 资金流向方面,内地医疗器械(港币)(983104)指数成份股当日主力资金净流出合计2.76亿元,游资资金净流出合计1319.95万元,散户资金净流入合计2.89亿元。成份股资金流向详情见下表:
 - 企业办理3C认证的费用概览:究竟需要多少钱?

---

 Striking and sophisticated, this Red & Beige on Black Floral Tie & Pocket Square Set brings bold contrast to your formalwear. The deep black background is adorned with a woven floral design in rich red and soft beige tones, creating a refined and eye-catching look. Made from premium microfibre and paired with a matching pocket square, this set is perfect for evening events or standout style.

## What to do
Once the line with "资金流向方面,内地医疗器械(港币)(98" is found in the records above, print exactly that line and every line after it through the line with "- 企业办理3C认证的费用概览:究竟需要多少钱?".

## The completed task
 资金流向方面,内地医疗器械(港币)(983104)指数成份股当日主力资金净流出合计2.76亿元,游资资金净流出合计1319.95万元,散户资金净流入合计2.89亿元。成份股资金流向详情见下表:
 - 企业办理3C认证的费用概览:究竟需要多少钱?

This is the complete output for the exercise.